- Source data
----

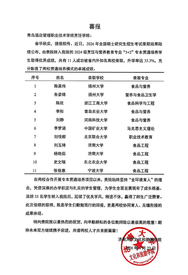 本网讯(烹饪学院 吴琼)2026年全国硕士研究生招生复试录取结果陆续揭晓,学校与济南大学联合培养的2021级烹饪工艺与营养专本贯通班捷报频传,共有11名学生成功“上岸”,升学率达33.3%,充分彰显了两校专本贯通合作培养模式的显著育人优势。
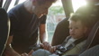 Giovane padre allacciare il sedile del figlio bealt - Video stock 4K
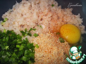 Филе рыбы прокрутить через мясорубку, добавить мелко нарезанный лук, яйцо, хлебную крошку, соль и перец. Хорошо вымесить фарш.
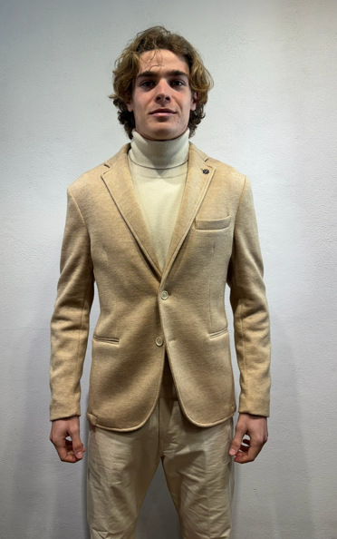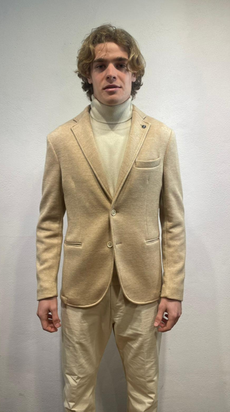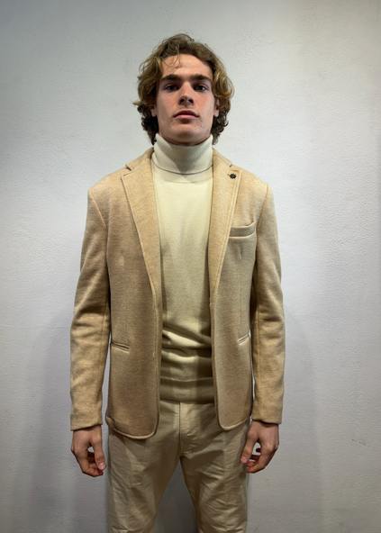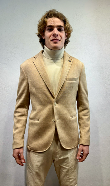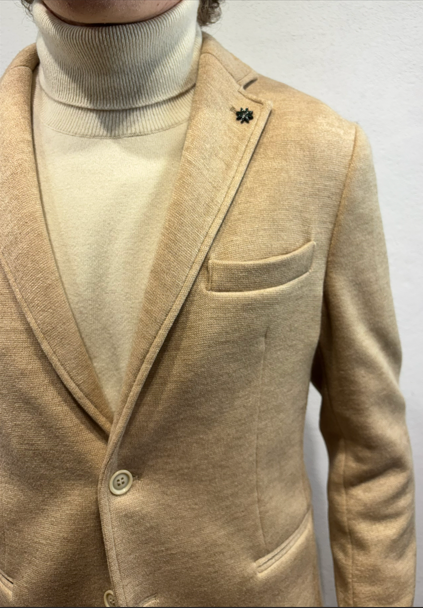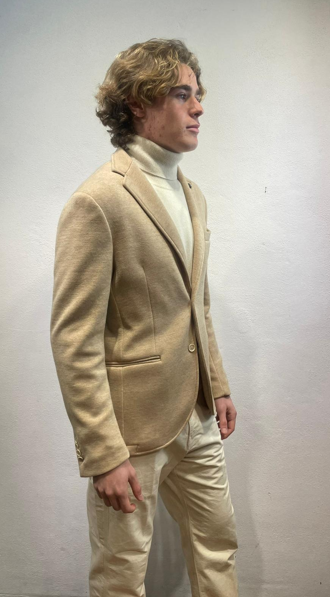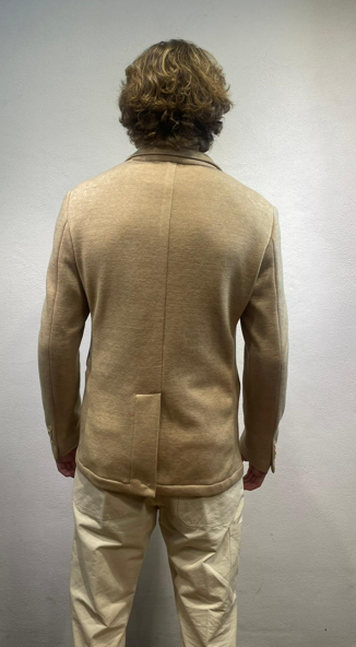 En Avance giacca in jersey Sabbia Giacca monopetto in effetto punto milano di cotone Made in Italy Composizione 40% cotone 60% poliestere DX1A 5012 CAMEL GIACCA P.MILANO SABBIA Il modello veste una taglia 48 / M Alezza modello 1,85 peso 72 kg

----

- Problem description
Only those lines from the one containing "Giovane padre allacciare" to the end of the material above, retyped exactly and without pictures, belong in your reply.

- Your response
 Giovane padre allacciare il sedile del figlio bealt - Video stock 4K
 Филе рыбы прокрутить через мясорубку, добавить мелко нарезанный лук, яйцо, хлебную крошку, соль и перец. Хорошо вымесить фарш.
 En Avance giacca in jersey Sabbia Giacca monopetto in effetto punto milano di cotone Made in Italy Composizione 40% cotone 60% poliestere DX1A 5012 CAMEL GIACCA P.MILANO SABBIA Il modello veste una taglia 48 / M Alezza modello 1,85 peso 72 kg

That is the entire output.